なぜ急にコロナワクチンの話題を言い出した?
 そして、ふと思う。多野さんは死期が迫っていることをうすうす感じて、ワクチン論争をふっかけてきたのではないか――と。
「確かに、コロナ下では皆が多かれ少なかれ異常な精神状態になってはいたと思います。私だって、違う話題だったらもっと“大人の対応”をしたと思うのに、なぜかワクチンに関するデマに関しては固執してしまいました。それにしても、それまでの付き合いでは穏やかで他愛ない会話しかしてこなかったし、仕事の上でも師匠のような存在だった多野さんがなぜ急にあんなことを言い出したのか、多野さんに残された時間が少なくなっていることへの焦りとかイライラのようなものがあったんじゃないか。そう思えてならないんです」
 多野さんは、よく「ボクは不思議な偶然にしょっちゅう遭遇するんだよね」と言っていた。多野さんと仕事をするようになってから、酒井さんにもときどき不思議な偶然が起こるようになった。
 驚いて多野さんに報告すると、「別に不思議でもなんでもないよ。ボクなんてそんなことが数えきれないほどあるんだから」と、妙な自慢をしていたっけ。
 多野さんの最後のメールにも何か意味があるのかもしれない、などとつい深読みしてしまう。
自分もそういう齢になったんだなと思う
 多野さんの息子からの手紙には、最後に父親が取り組んでいた集大成のような仕事があって、それを息子さんが受け継ぎ、完成させてから会社を閉じる、と書いてあった。
「まだ若いのに、よくやっているなと感心しました。さすが多野さんの息子ですね、と伝えたかった。
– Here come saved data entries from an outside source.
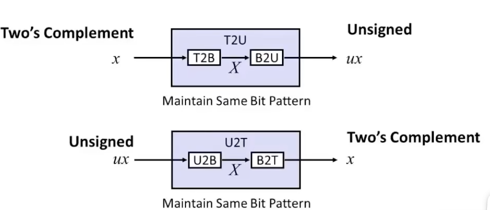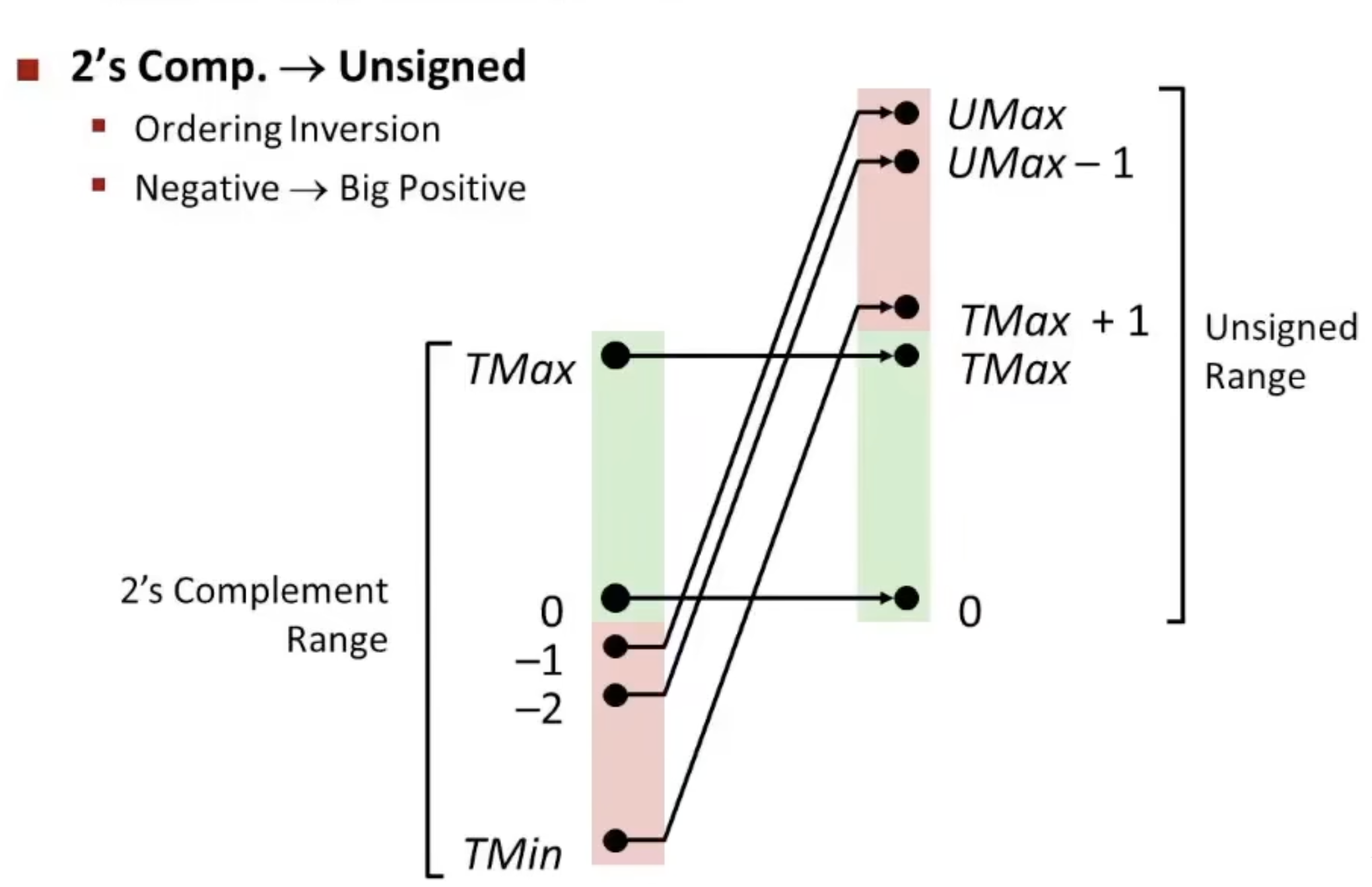 $$ U 2 T_{w}(u)=\left\{\begin{array}{ll} u, & u \leqslant \text{TMax} \\ u-2^{w}, & u>\text{TMax} \end{array}\right. $$下图为补码到无符号数的转换关系
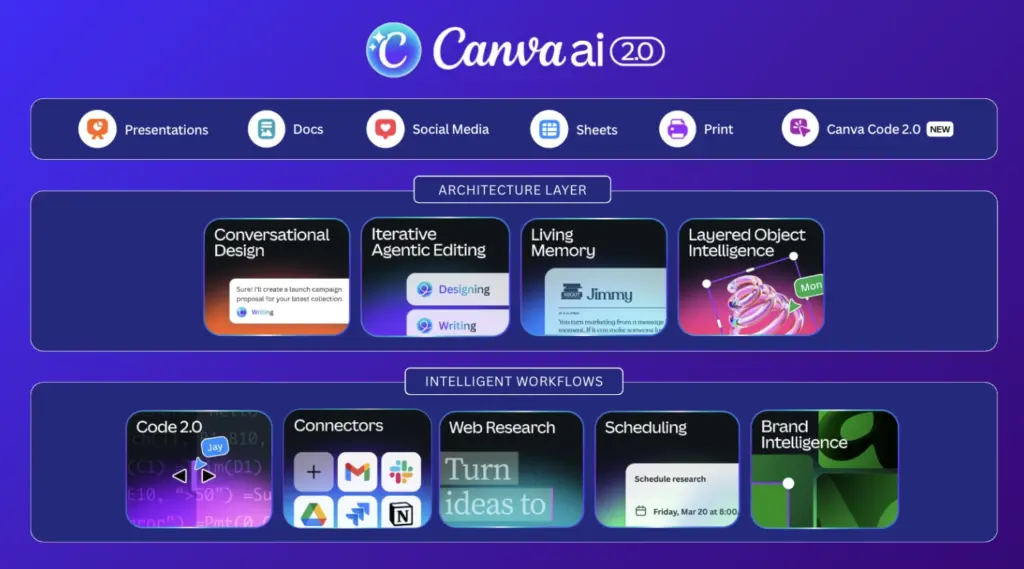 Trọng tâm của lần ra mắt là Canva AI 2.0 – phiên bản AI mới được định vị như một “creative partner” thay vì chỉ là công cụ hỗ trợ.
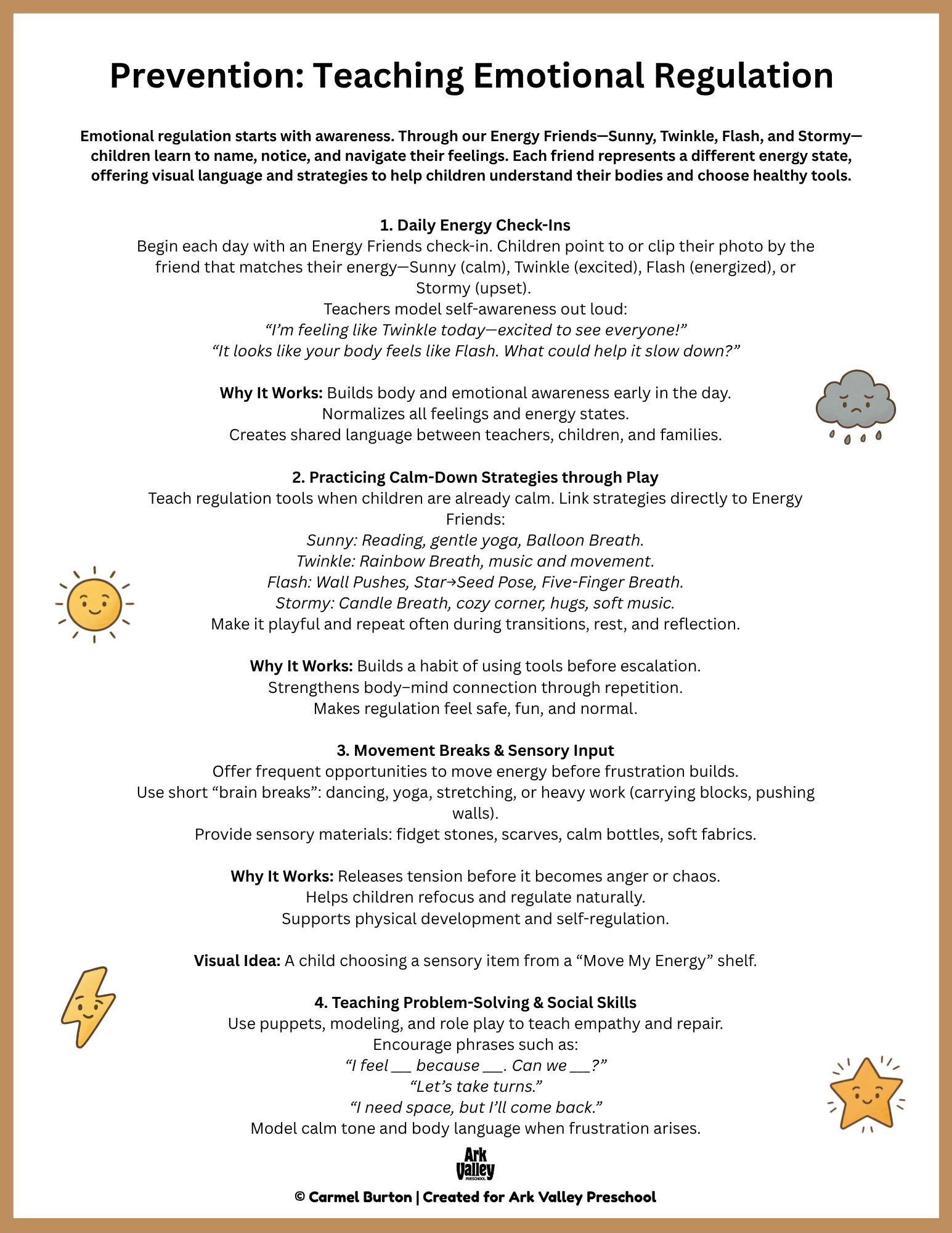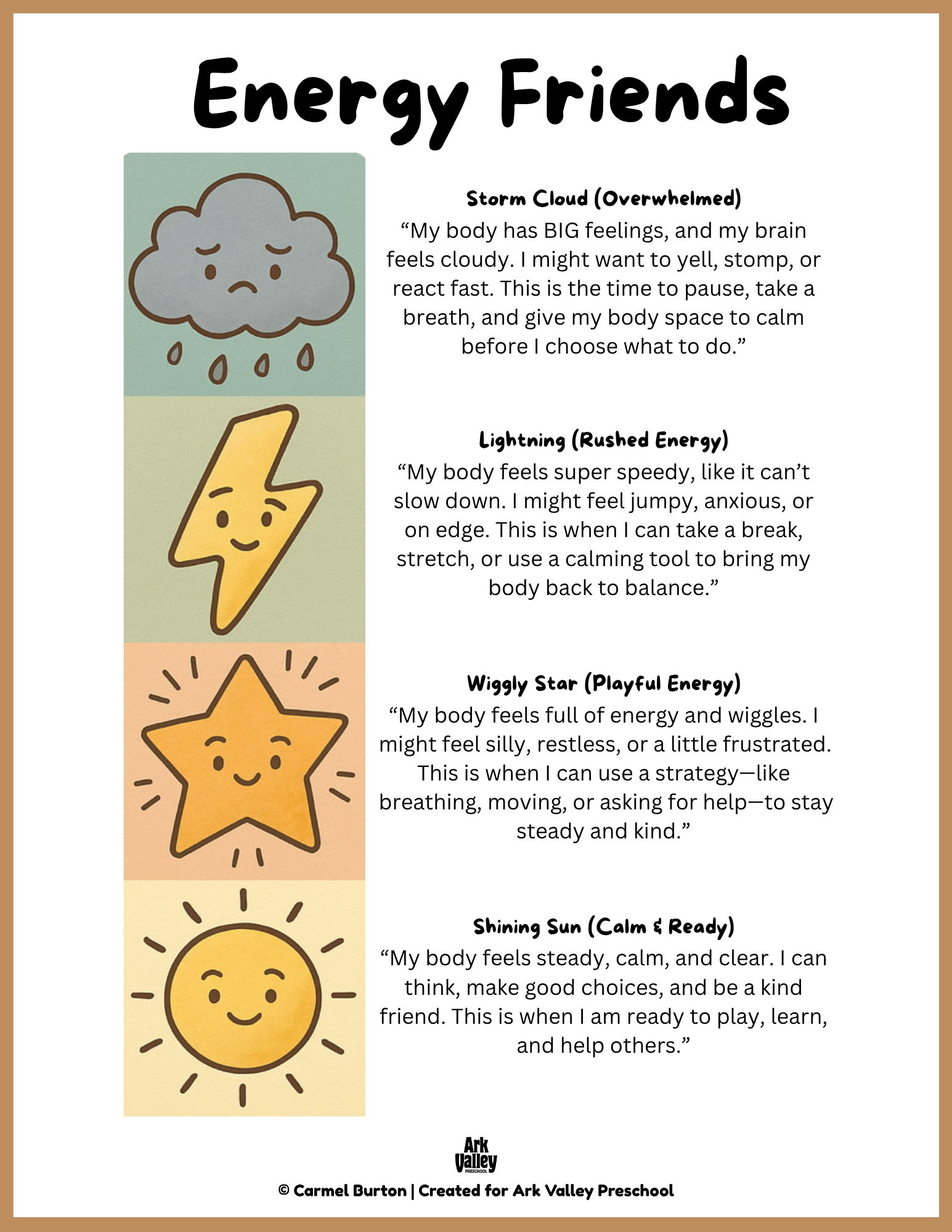 We use the Energy Friends to help children name, notice, and navigate their feelings and energy levels. Each friend represents a different state of energy—from stormy and overwhelmed to calm and ready. These visuals give children the words and tools they need to recognize what’s happening in their bodies and choose healthy strategies.
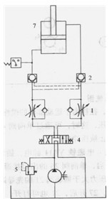 1- 單向節(jié)流閥2-液壓鎖3-壓力繼電器4-電磁換向閥5-溢流閥6-液壓泵7-液壓缸
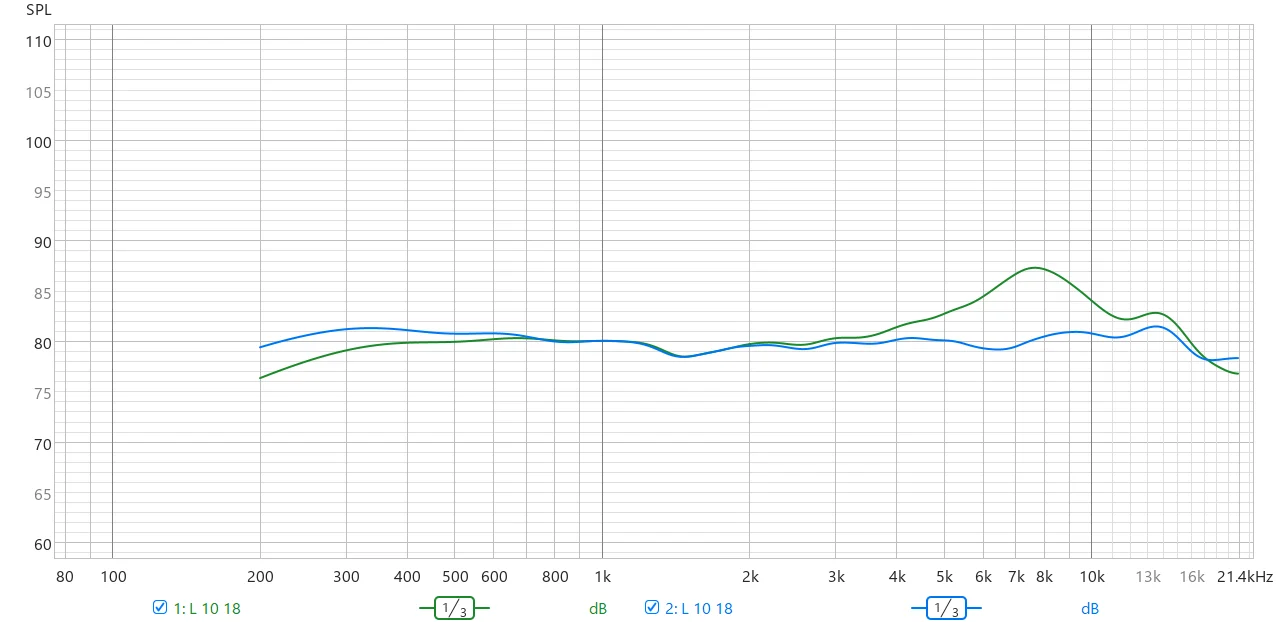 ここからはお里自慢です。拙宅のAlphaは、マイクロフォンの裸特性(f特形状)があからさまになってしまう位、ドフラットで特性が良いんです。まさにモノサシに出来ます。超広帯域で超平坦なラウドスピーカー+平坦な事が担保されている較正テーブル付きマイクロフォン。この2つが揃うことにより、他の系のマズさも差分検証が可能となります。
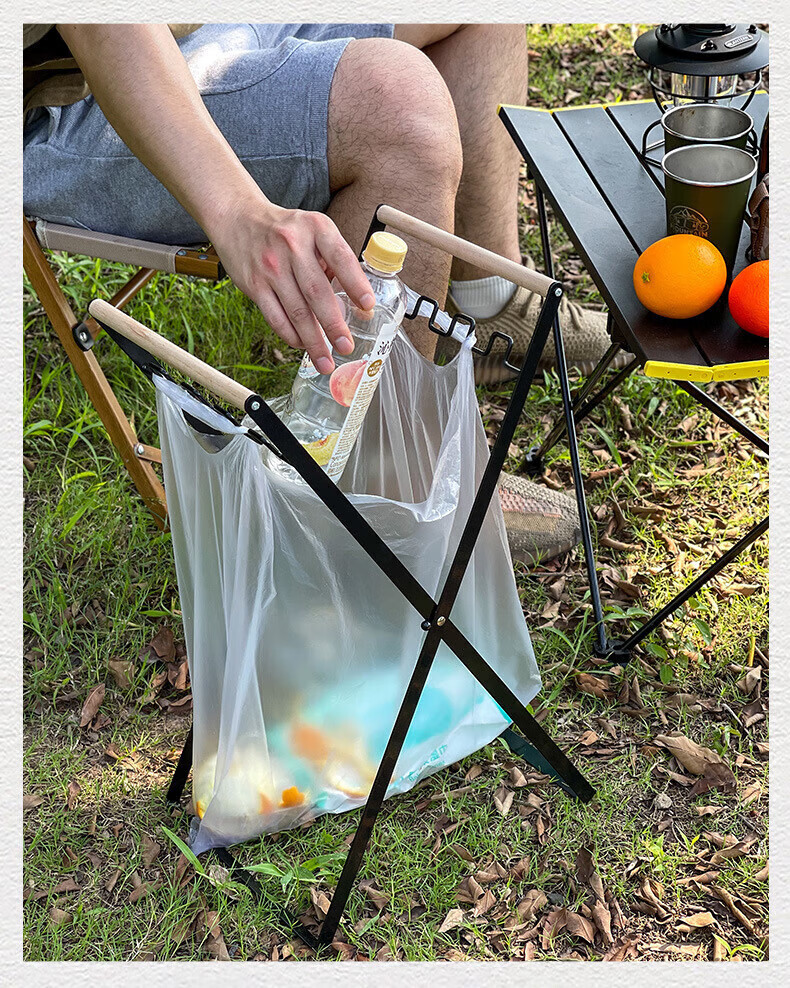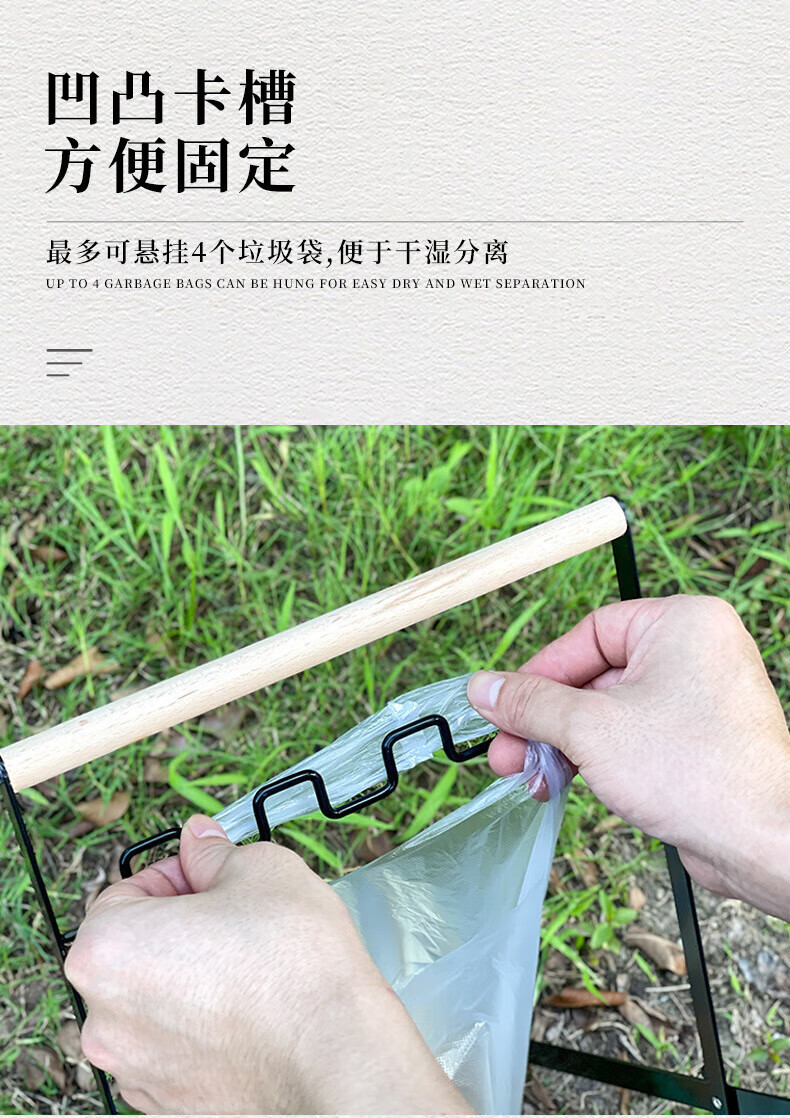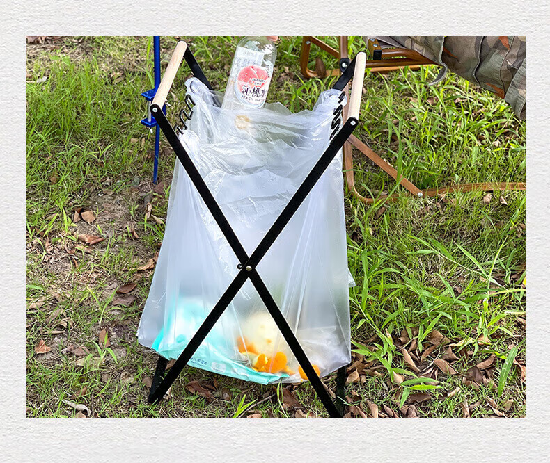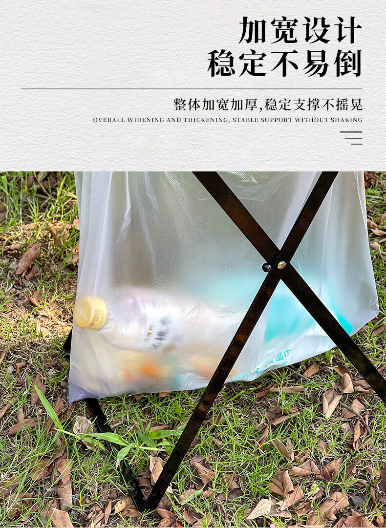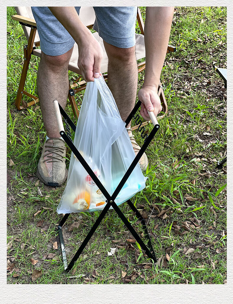 CLS户外可折叠垃圾架野餐家用厨房杂物收纳架塑料袋支架木柄铁艺垃圾 45×60黑色垃圾袋一卷(1.2丝,20
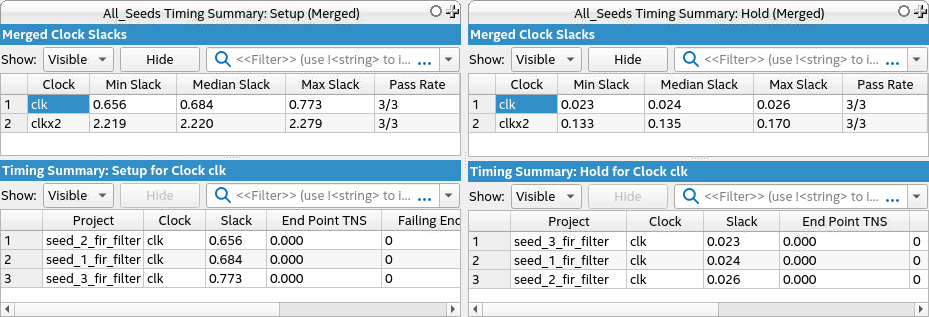 For each generated report—Setup, Hold, Recovery, or Removal—statistics are provided for each clock in the design. These statistics include Minimum, Median, and Maximum Slack, as well as the Pass Rate, which indicates the proportion of projects within the group that report positive slack, relative to the total number of projects. You can select a clock from the summary to show detailed information about the slack associated with each individual project.
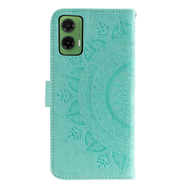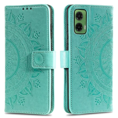 Funda de Cuero con Relieve de Flores para Motorola Moto G35 con Cordón (Verde)
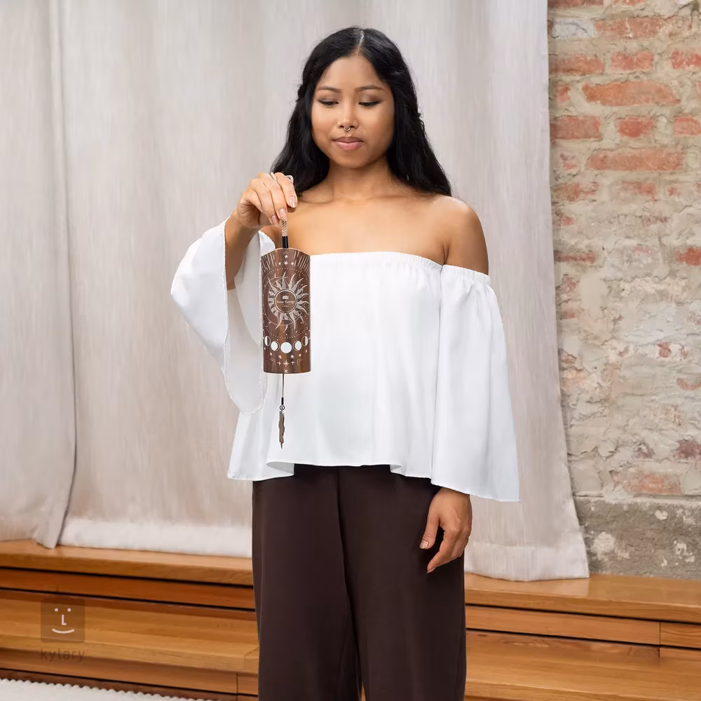 Meinl Sonic Energy Cosmic Bamboo Chimes jsou nástrojem, který produkuje jemné rezonující tóny naplňující váš prostor klidným zvukem. Jsou ideální pro meditaci, zvukové koupele a jógu nebo mohou být použity k vytvoření relaxačního prostoru doma pro chvíle zamyšlení. Stačí držet šňůru a jemně zatřást chimes, čímž se aktivuje jejich zvuk. Uvnitř se nachází kyvadlo a skupina kovových drátů laděných na konkrétní tóny. Tóny lze snadno upravit výměnou kyvadel, které jsou součástí balení: akrylovým (tvrdým) a dřevěným (měkkým). Akrylové kyvadlo se zasune do spodní části chimes a připne na háček na dřevěném příčném prutu. Stačí potáhnout tkaničkou a zvednout ji, abyste zahráli na chimes. A4/a' 432 Hz; C#5, D#5, E5, A#5, C#6, E6, E4, A#4.
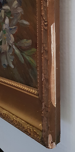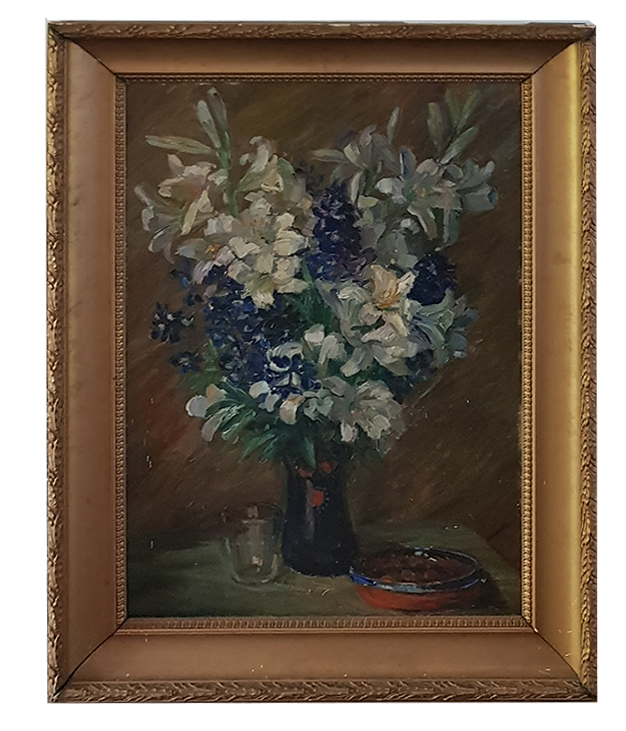 Brionnet (20e eeuw), schilder van bloemstillevens. Olieverf op doek met een rijke voorstelling van witte en blauwe bloemen in een vaas, met glas en schaaltje op de voorgrond. Gesigneerd rechtsonder.

私が素人に毛が生えた程度のスキルや経験しかなかったころから、ここまで仕事を振ってくれて、見守って育ててくださったことへの感謝を込めて、息子さんにはお悔みの手紙を出しましたが、最後のやりとりについて書けませんでした。ご家族は多野さんの異変を何か感じていなかったのか、確かめたくはあったのですが」
 友人や仕事先の人との別れが増えてきた。自分もそういう齢になったんだなと思う。できれば、お世話になった多野さんとはちゃんとお別れをしたかったと思うが、仕方ない。
 そして、こんな思いが想起するのだ。
 十数年前の脳卒中が急死の原因になるのだろうか? 本当は、ワクチンが原因なのではないか。
 いや、そんなことを思うこと自体、反ワクチン派の片棒をかつぐことになる。ワクチンへの疑念を振り払おうとするが、またよみがえるのだ。「ワクチンで亡くなった人は多いんだよ。国が隠しているだけで」という多野さんの言葉が。